2011 Project Description
This McIntire-Stennis project, which started in October 2010, has made significant progress towards establishing research projects that examine the primary goals that are to be addressed. Through the recruitment of a graduate student who is working towards addressing these goals, the following projects have been established and are ongoing.
1. Examination of foraging activity of generalist predators (spiders are being used as the model predator in this system because they are numerically dominant and potentially exhibit seasonal variations in foraging behavior in relation to prey availability). Collections have commenced, and will be undertaken over 24 consecutive months, to reveal specific mechanisms of foraging as resource availability changes with shifting patterns of weather. Research sites have been established in Berea Forest, KY, and collections started to examine whether (i) they exhibit foraging activity that is dependent upon prey density throughout the season and (ii) quantify whether they resort to intra-guild predation during prey scarcity. Pitfall trapping is ongoing to mass collect predators and examine, through molecular gut-content analysis, feeding behavior. (iii) No-choice feeding trials will also be undertaken to examine how low-temperatures impact prey choice and selection in generalist predators. This aspect of the project therefore addresses primary objective (1): characterize the structure of above and below ground food webs in forest ecosystems, by delineating foraging decisions of generalist predators under open-field conditions of naturally fluctuating prey densities.

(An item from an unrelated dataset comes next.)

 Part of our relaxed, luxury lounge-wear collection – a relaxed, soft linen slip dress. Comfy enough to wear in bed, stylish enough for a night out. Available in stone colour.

2. Food quality experiments have also commenced to quantify the nutritive quality of prey to generalist predators. These will be undertaken to examine (i) how prey nutrition affects predator fitness and (ii) how prey nutritive quality affects feeding decisions in forest-floor spiders. The graduate student will, in 2012, disseminate these results widely by presenting results at regional and national conferences.

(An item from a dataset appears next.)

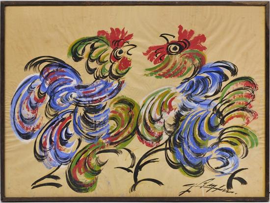 Subasta 612, Lote # 189 JESÚS REYES FERREIRA "CHUCHO REYES" 2 gallos Firmado. Gouache sobre papel Kraft. (N. Guadalajara, Jalisco, 1882 - Ciudad de México, 1977) "Mi primer maestro, y no porque él quisiera enseñarme nada, fue Jesús Reyes Ferreira. Su casa siempre me pareció la casa de un brujo: un mundo mágico de esferas de cristal, de manitas de marfil y de patitas de santo. Tenía libros muy hermosos, colecciones de tallas en marfil, de piedras, de zapatos, de todo lo inimaginable. Allí me encontré con reproducciones de Giotto, de Piero de la Francesca y de Fra Angélico y supe que existían Francia e Italia. Desde entonces empecé a tener amor por todas las cosas del pasado. Chucho era un joven anticuario que me dio mis primeras lecciones de belleza." Juan Soriano. 69 x 94 cm Estimado $40,000-60,000
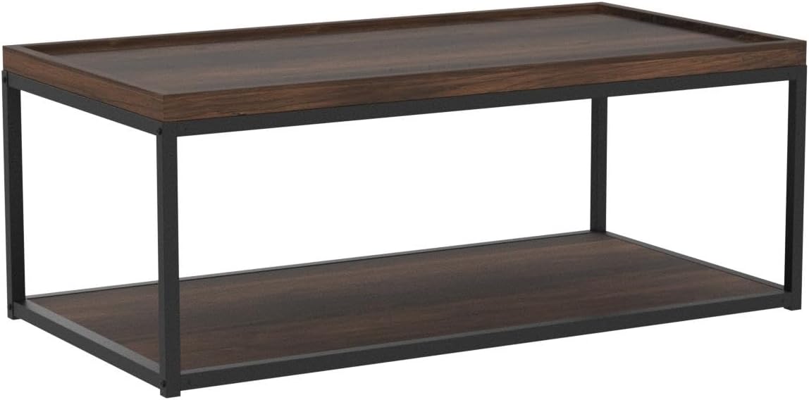 Constructed with a sturdy metal frame and a durable shelf, this coffee table is built to last. The two-tier design provides ample space for storing your favorite books, magazines, and decorative items, while the recessed accent adds a touch of sophistication.

The primary aspect of this research is to relate what predators are actually eating to the spectrum of prey available to them. This is of fundamental importance in food web ecology and pest management, in that a changing pattern of foraging under open field conditions can have a profound impact on the structure and function of terrestrial ecosystems. Delineating how and, crucially, why predators shift foraging activity in relation to resource availability can help further advance our understanding of the role of generalist predators in biological control.
Undertaking the research over a 24 month cycle encompasses all life stages of predators and prey, thereby seeks to understand how dominant invertebrate predators are sustained through periods of food shortage and adverse weather conditions. Quantifying winter foraging in predators is crucial for fully understanding aspects of population growth given the high mortality experienced during these months. Mitigating the effect of winter mortality, through habitat management, could provide a framework for natural population enhancement that could provide valuable benefits in pest management.